The bodies of Una and Karate Kid are eventually discovered by the Gotham City Police Department on New Earth, and Superman and the visiting Lightning Lad mourn their death.  However, Una's fellow stranded Legionnaire, Starman, tells them: "Don't worry about Luornu...Triplicate! Duo! Una! Wait until you see what happens to her!

Legion of 3 Worlds
In the final issue of the Final Crisis: Legion of 3 Worlds series, Luornu returns to assist the Legion in battle with the Legion of Super-Villains, revealing that she has gained the ability to create vast numbers of duplicate bodies, and now goes by the name "Duplicate Damsel". She and Bouncing Boy have just returned from their honeymoon. She also reveals that Una was the second and last of her original duplicates.  In subsequent New Earth appearances she uses the name "Duplicate Girl".

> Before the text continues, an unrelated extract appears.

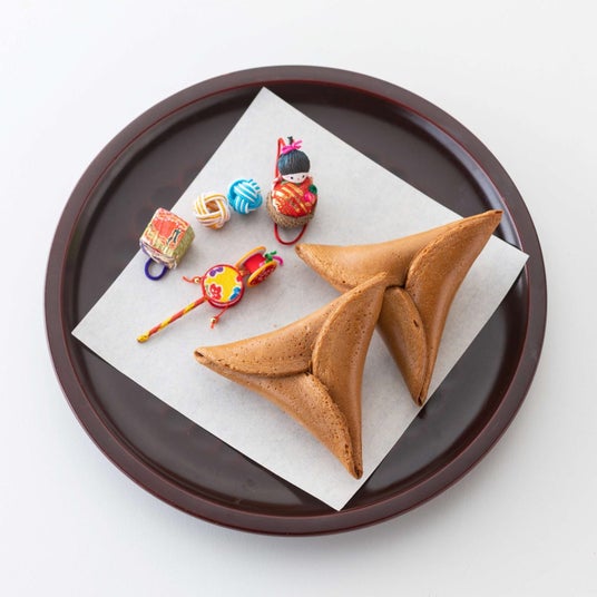 山形県庄内地方に伝わる伝統のお菓子で、三角形に折りたたまれた甘いお煎餅を割ると、中からちいさな民芸品の玩具が出てくる「からから煎餅」。その、「大福田展」バージョンをオリジナルで作りました! まわりのお煎餅を割ると、ちいさな伝統玩具と「オリジナルおみくじ」が出てきます。どんな「福」が出てくるかは、割ってからのおたのしみです。

In the "Watchmen" sequel "Doomsday Clock", Triplicate Girl is among the Legion of Super-Heroes members that appear in the present after Doctor Manhattan undid the experiment that erased the Legion of Super-Heroes and the Justice Society of America.

Powers and abilities
Triplicate Girl has the ability to split into three identical bodies. When Triplicate Girl merges into one body, she gains the memories and knowledge that her divided selves obtained.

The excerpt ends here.